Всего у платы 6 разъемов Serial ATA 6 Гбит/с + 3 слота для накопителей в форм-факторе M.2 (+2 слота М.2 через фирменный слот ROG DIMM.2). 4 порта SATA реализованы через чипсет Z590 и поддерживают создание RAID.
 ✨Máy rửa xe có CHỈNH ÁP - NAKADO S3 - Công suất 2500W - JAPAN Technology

--

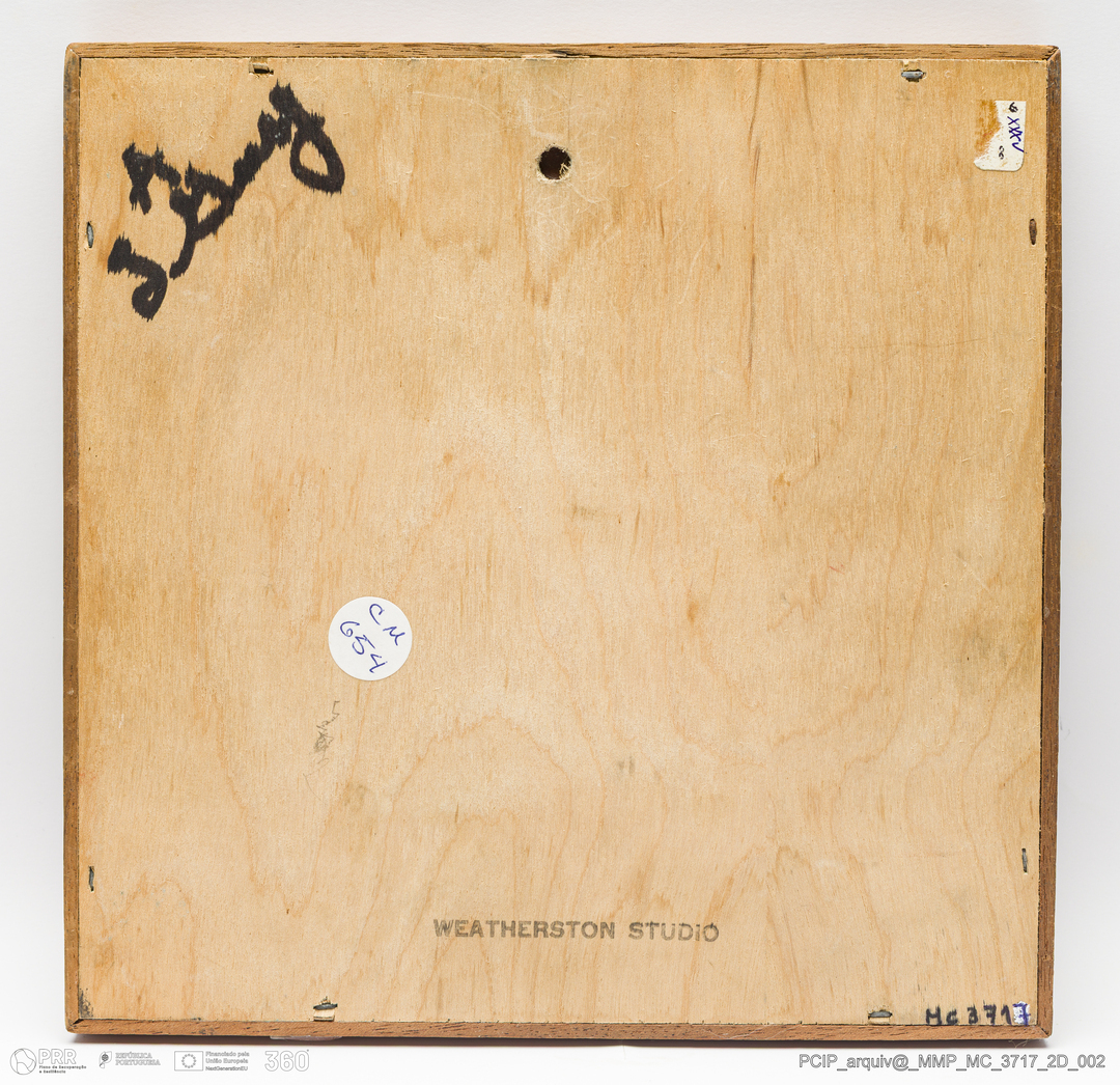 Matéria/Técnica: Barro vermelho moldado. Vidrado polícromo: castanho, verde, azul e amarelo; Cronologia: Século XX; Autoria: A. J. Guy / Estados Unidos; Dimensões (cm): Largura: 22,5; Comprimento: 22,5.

---

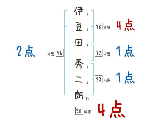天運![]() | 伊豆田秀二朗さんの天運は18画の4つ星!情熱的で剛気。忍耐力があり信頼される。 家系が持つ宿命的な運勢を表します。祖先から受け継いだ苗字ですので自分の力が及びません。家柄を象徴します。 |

▸ **Goal of the exercise**: Your reply is to repeat, unchanged, the lines above running from the one with "Всего у платы" up to and including the one with "- JAPAN Technology".

▸ **Solution to the exercise**:
Всего у платы 6 разъемов Serial ATA 6 Гбит/с + 3 слота для накопителей в форм-факторе M.2 (+2 слота М.2 через фирменный слот ROG DIMM.2). 4 порта SATA реализованы через чипсет Z590 и поддерживают создание RAID.
 ✨Máy rửa xe có CHỈNH ÁP - NAKADO S3 - Công suất 2500W - JAPAN Technology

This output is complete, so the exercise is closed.